Updated: January 24, 2026
How to Check If a Pharmacy Has Scopolamine in Stock (Without Calling)
Author
Peter Daggett

Summarize with AI
- Why Pharmacy Inventory Is So Hard to Check Online
- Method 1: Use medfinder (Most Efficient)
- Method 2: Use Discount Comparison Tools (Partial Inventory Signal)
- Method 3: Ask Your Prescriber's Office
- Method 4: Call Pharmacies Directly (If You Must)
- Method 5: Check the ASHP Shortage Database
- Tips for Searching During the 2026 Scopolamine Shortage
Tired of calling pharmacies only to be told scopolamine is out of stock? Here are the best tools and methods to check pharmacy inventory without picking up the phone.
You have a prescription for scopolamine patches, a trip coming up in 10 days, and you're staring down the prospect of calling a dozen pharmacies to find out who has them in stock.

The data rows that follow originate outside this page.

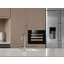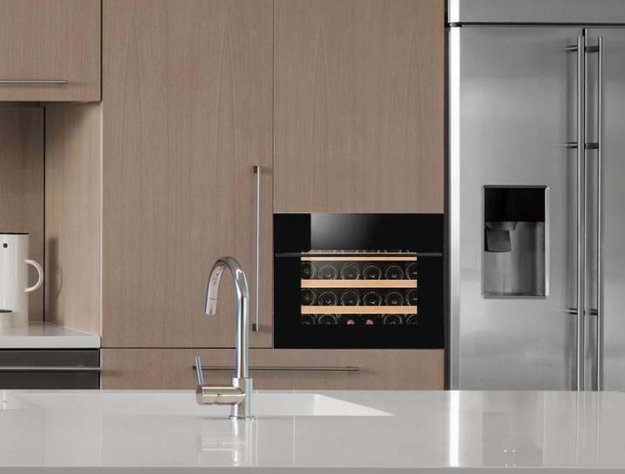 Встраиваемые холодильники для вина оснащаются специальной системой вентиляции: охлаждающая система у них находится в нижней части корпуса спереди. На такие устройства не навешивается мебельный фасад: дверца с затемненным стеклом остается на виду и открывается на достаточно широкий угол для свободного выдвижения деревянных полок.
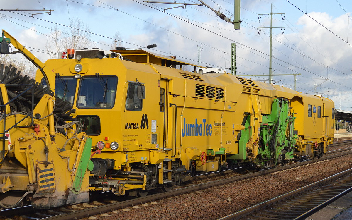 Die MONTI Gleisbau GmbH mit der Universalstopfmaschine P&T Unimat 09-475/4S "Karoline" für Gleise und Weichen und der Schienenschotterplaniermaschine P&T SSP 110 SW "Helene" am 16.05.18 Mönchmühle bei Berlin Richtung Oranienburg.
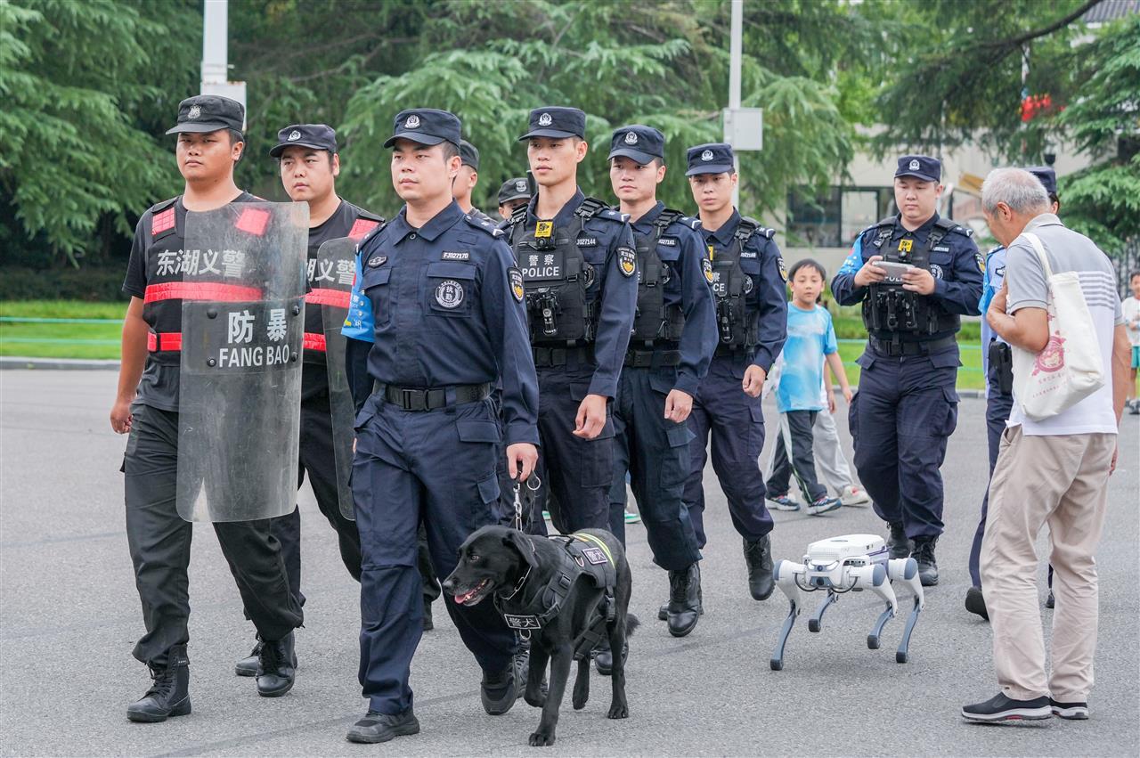 10月2日下午,新闻记者在东湖梨园大门、东湖绿道梨园段等处看到,身穿义警马甲的部分义警与巡特警队员一道,携带机器狗和警犬来回巡逻,他们的存在,给游客带来莫大的安全感。在梨园广场绿道入口前,武汉航海职业技术学院10余名身穿红色背心的大学生义警分工明确,他们分别在斑马线两头和绿道入口处,协助现场交警、快骑警等维持交通秩序,引导游客过斑马线,成为路口一道亮丽的“志愿红”。
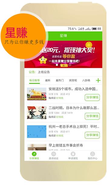 分享文章出去,别人阅读和自己阅读都是0.1元,这么高的收益除了星赚还有谁?

It's one of the most frustrating parts of navigating a drug shortage. The good news: there are smarter ways to check pharmacy inventory for scopolamine without spending your afternoon on hold.
Why Pharmacy Inventory Is So Hard to Check Online
Unlike groceries or household goods, pharmacies generally do not publish their medication inventory online in real time. There's no public database that shows "CVS on 5th Street has 12 scopolamine patches in stock today." This is partly for regulatory reasons and partly because pharmacy inventory systems weren't designed with patient-facing visibility in mind. The result: even in 2026, the most reliable way to check inventory is to contact the pharmacy directly.
Method 1: Use medfinder (Most Efficient)
medfinder.com is specifically designed to solve this problem. medfinder calls pharmacies near you to check which ones have your medication in stock, then texts you the results. Instead of calling one pharmacy at a time and spending 20 minutes on hold at each one, you enter your medication and location once, and medfinder does the work for you. Visit medfinder.com to get started.
This is especially valuable for scopolamine during the current shortage, where availability can vary enormously from one pharmacy to the next — sometimes even between two locations of the same chain within a few miles.
Method 2: Use Discount Comparison Tools (Partial Inventory Signal)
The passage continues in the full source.